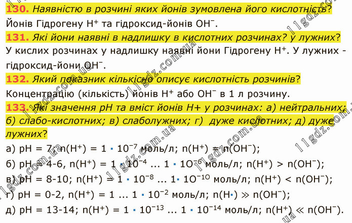 Наявністю в розчині яких йонів зумовлена його кислотність? Йонів Гідрогену Н+ та гідроксид-йонів ОН–. 131. Які йони наявні в надлишку в кислотних розчинах? у лужних? У кислих розчинах у надлишку наявні йони Гідрогену Н+. У лужних - гідроксид-йони ОН–. 132. Який показник кількісно описує кислотність розчинів? Концентрацію (кількість) йонів Н+ або ОН– в 1 л розчину. 133. Які значення рH та вміст йонів H+ у розчинах: а) нейтральних; б) слабо-кислотних; в) слаболужних; г) дуже кислотних; д) дуже лужних? а) рН = 7; n(Н+) = 1 ∙ 10–7 моль/л; n(Н+) = n(ОН–); б) рН = 4-6, n(Н+) = 1 ∙ 10–4 ... 1 ∙ 1О–6 моль/л; n(Н+) > n(ОН–); в) рН = 8-10; n(Н+) = 1 ∙ 10–8 ... 1∙ 1О–1О моль/л; n(Н+) < n(ОН–); г) рН = 0-2, n(Н+) = 1 ... 1 ∙ 10–2 моль/л; n(Н∙) ≫ n(ОН–); д) рН = 13-14; n(Н+) = 1 ∙ 10–13 ... 1 ∙ 10–14 моль/л; n(Н+) ≪ n(ОН–).
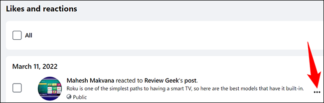 您会看到所有您喜欢或对其做出反应的帖子。在这里,找到您要删除喜欢或反应的帖子。然后,点击帖子旁边的三个点。
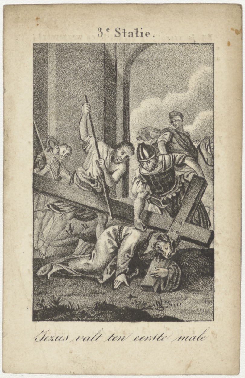 Passiescène (3e statie) Jezus valt ten eerste male, kz. Bid voor ziel Hackfoort (+1837) Utrecht

### EXERCISE DETAILS
Your answer must be the full listing, reproduced word for word, without its pictures.

### RESULT OF THIS EXERCISE
 Наявністю в розчині яких йонів зумовлена його кислотність? Йонів Гідрогену Н+ та гідроксид-йонів ОН–. 131. Які йони наявні в надлишку в кислотних розчинах? у лужних? У кислих розчинах у надлишку наявні йони Гідрогену Н+. У лужних - гідроксид-йони ОН–. 132. Який показник кількісно описує кислотність розчинів? Концентрацію (кількість) йонів Н+ або ОН– в 1 л розчину. 133. Які значення рH та вміст йонів H+ у розчинах: а) нейтральних; б) слабо-кислотних; в) слаболужних; г) дуже кислотних; д) дуже лужних? а) рН = 7; n(Н+) = 1 ∙ 10–7 моль/л; n(Н+) = n(ОН–); б) рН = 4-6, n(Н+) = 1 ∙ 10–4 ... 1 ∙ 1О–6 моль/л; n(Н+) > n(ОН–); в) рН = 8-10; n(Н+) = 1 ∙ 10–8 ... 1∙ 1О–1О моль/л; n(Н+) < n(ОН–); г) рН = 0-2, n(Н+) = 1 ... 1 ∙ 10–2 моль/л; n(Н∙) ≫ n(ОН–); д) рН = 13-14; n(Н+) = 1 ∙ 10–13 ... 1 ∙ 10–14 моль/л; n(Н+) ≪ n(ОН–).
 您会看到所有您喜欢或对其做出反应的帖子。在这里,找到您要删除喜欢或反应的帖子。然后,点击帖子旁边的三个点。
 Passiescène (3e statie) Jezus valt ten eerste male, kz. Bid voor ziel Hackfoort (+1837) Utrecht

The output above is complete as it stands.